The firm he had been with for almost eight years was going through organizational changes and becoming more of an “office-share” type of arrangement, which wasn’t a satisfying fit for Eddins, who wanted to be part of a team-oriented firm.

He considered who he might want to branch out on his own with and the choice seemed obvious – Alissa Domine, a family law attorney he had interviewed when she joined his prior firm.

“She was really quite honestly the only person it could have worked with,” says Eddins. “We complement each other quite well. It’s been a great partnership. I wouldn’t want to row this boat myself, and I don’t know who else I could have rowed it with.”

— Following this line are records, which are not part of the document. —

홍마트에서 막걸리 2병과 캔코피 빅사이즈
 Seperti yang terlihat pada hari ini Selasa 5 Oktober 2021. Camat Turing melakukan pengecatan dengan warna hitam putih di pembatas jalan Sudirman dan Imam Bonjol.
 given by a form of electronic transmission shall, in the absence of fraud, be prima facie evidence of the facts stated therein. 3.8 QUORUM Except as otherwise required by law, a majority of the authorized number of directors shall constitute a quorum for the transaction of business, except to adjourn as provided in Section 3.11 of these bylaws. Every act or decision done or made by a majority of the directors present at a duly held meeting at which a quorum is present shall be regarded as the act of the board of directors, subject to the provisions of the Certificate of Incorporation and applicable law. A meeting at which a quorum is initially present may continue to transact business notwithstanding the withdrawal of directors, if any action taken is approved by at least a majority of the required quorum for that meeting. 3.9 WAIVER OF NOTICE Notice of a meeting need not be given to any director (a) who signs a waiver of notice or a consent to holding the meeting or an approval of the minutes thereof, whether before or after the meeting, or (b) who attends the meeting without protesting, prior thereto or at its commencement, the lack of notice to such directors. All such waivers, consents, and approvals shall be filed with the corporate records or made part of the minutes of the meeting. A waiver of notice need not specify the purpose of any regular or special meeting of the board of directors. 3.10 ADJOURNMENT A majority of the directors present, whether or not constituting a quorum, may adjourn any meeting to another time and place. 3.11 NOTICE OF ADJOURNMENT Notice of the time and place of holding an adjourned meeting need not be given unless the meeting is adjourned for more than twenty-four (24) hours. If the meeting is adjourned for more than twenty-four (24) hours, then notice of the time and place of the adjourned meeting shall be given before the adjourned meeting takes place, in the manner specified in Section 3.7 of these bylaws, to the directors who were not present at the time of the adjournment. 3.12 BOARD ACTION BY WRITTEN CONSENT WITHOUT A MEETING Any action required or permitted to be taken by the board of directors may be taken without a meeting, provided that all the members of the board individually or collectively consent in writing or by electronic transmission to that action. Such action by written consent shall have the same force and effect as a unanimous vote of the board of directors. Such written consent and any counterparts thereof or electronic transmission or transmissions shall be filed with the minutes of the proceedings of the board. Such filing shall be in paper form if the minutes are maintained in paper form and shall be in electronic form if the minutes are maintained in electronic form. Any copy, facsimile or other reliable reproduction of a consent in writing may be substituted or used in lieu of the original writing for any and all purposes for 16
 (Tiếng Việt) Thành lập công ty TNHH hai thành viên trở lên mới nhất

The firm – which focuses on family law, estate planning, and business and corporate law – has grown steadily and organically over the years. With nine lawyers, Eddins expects to add a tenth by the end of the year. A key to the firm’s success is the diversity of its client base.

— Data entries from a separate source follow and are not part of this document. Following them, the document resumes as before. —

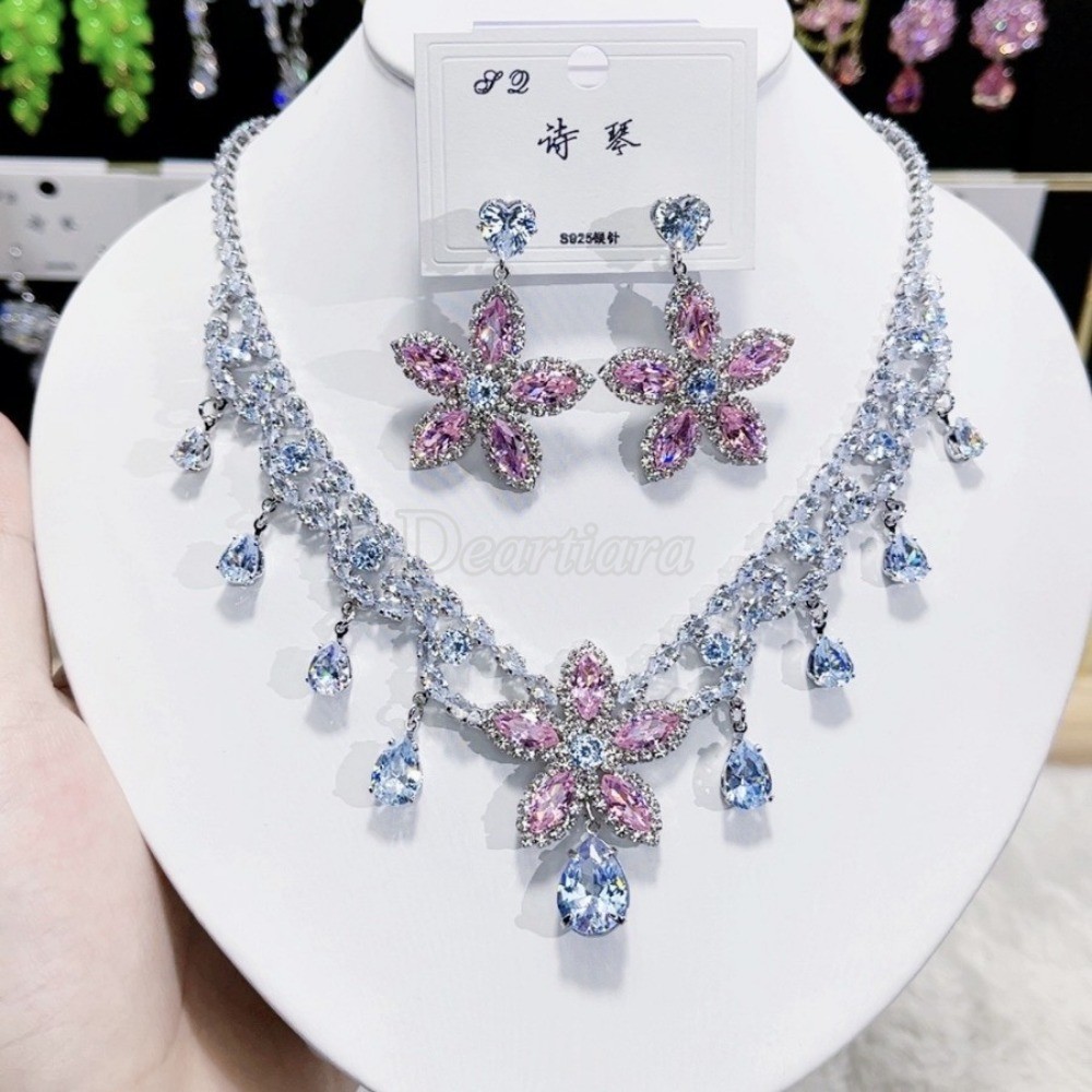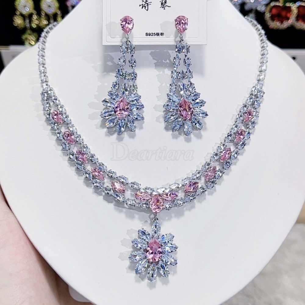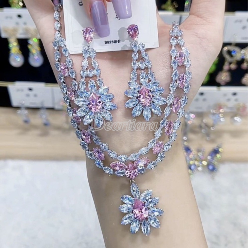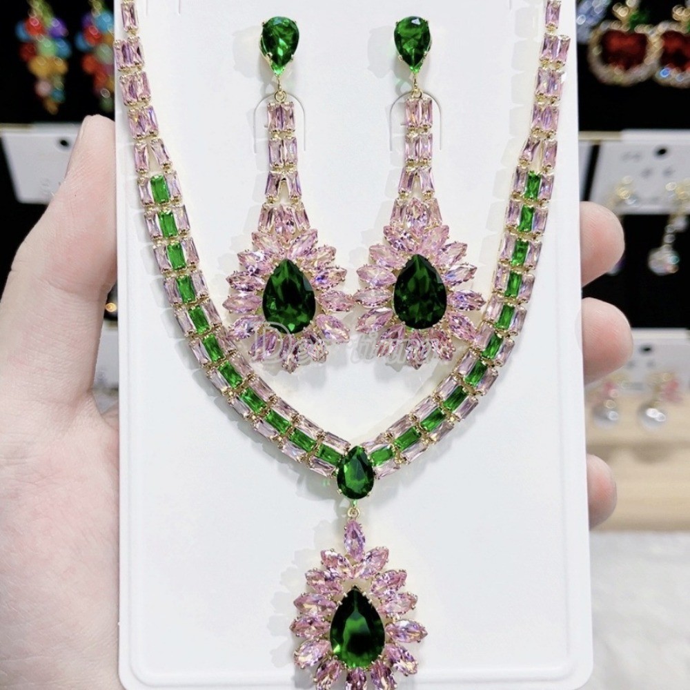 ชุดต่างหูสร้อยคอหรูหราเพทายที่ทันสมัยและอินเทรนด์สวมใส่สร้อยคอหูข้าวสาลีหนักอารมณ์ระดับไฮเอนด์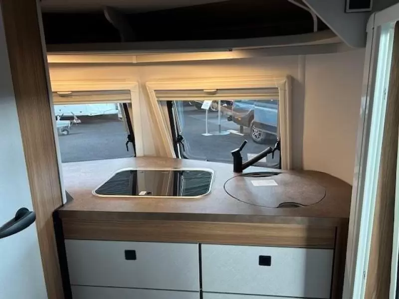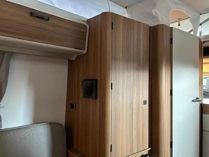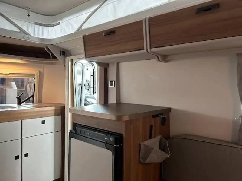 Door de praktische standaardzit, die eenvoudig tot bed kan worden omgebouwd, heeft u de nodige zit- en slaapgelegenheid. De inbouwkoelkast met vriescompartiment heeft een grote inhoud.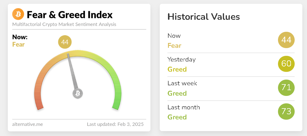 Tính đến ngày 3 tháng 2, tâm lý của các nhà đầu tư trên thị trường tiền điện tử đang ở mức “sợ hãi”, theo dữ liệu của Alternative.me.
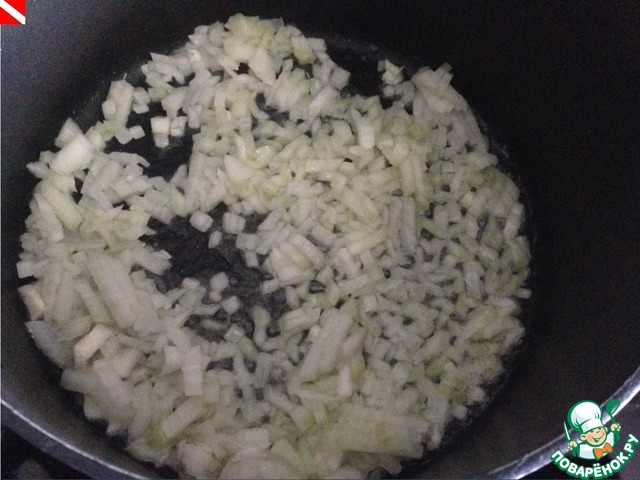 Луковицу очищаем, режем мелким кубиком и обжариваем в разогретом растительном масле.

Attorney Kevin Eddins on a recent visit to an apple orchard with his daughters, Helen and Isabella.

“Even in severe economic downturns, we’ve managed to continue growing our business,” says Eddins. “If you have a good work product, people learn about you. You keep doing good work, and people stay with you.”

Eddins enjoys the ins-and-outs of running a business as well as devising marketing and strategic planning. He embraces the role of mentor. He describes himself as a generalist, able to advise and assist his clients with the vast majority of their business legal concerns.

“I’m a weird sort of animal,” he says of his practice, which is divided between high-level transactional work and litigation typically surrounding business deals gone bad. “We can do 80 to 90 percent of what a mid-size or even large business owner needs.”

Membership in Primerus has helped the firm to serve client needs more fully and effectively and to compete for the sort of business that might previously have been beyond its grasp.

“It’s been great to plug in to certain areas of expertise that are not in our wheelhouse,” says Eddins. “[Primerus] enables us to provide more and better services to the clients we have and to be able to compete with larger firms that seem to have unlimited resources.”

He recently attended the Primerus Southern Regional Meeting in Houston where he appreciated insights into building a solid marketing and business development culture.

“It’s helped us get to a different level and to begin to think more broadly about the sorts of things we’re capable of doing,” he says.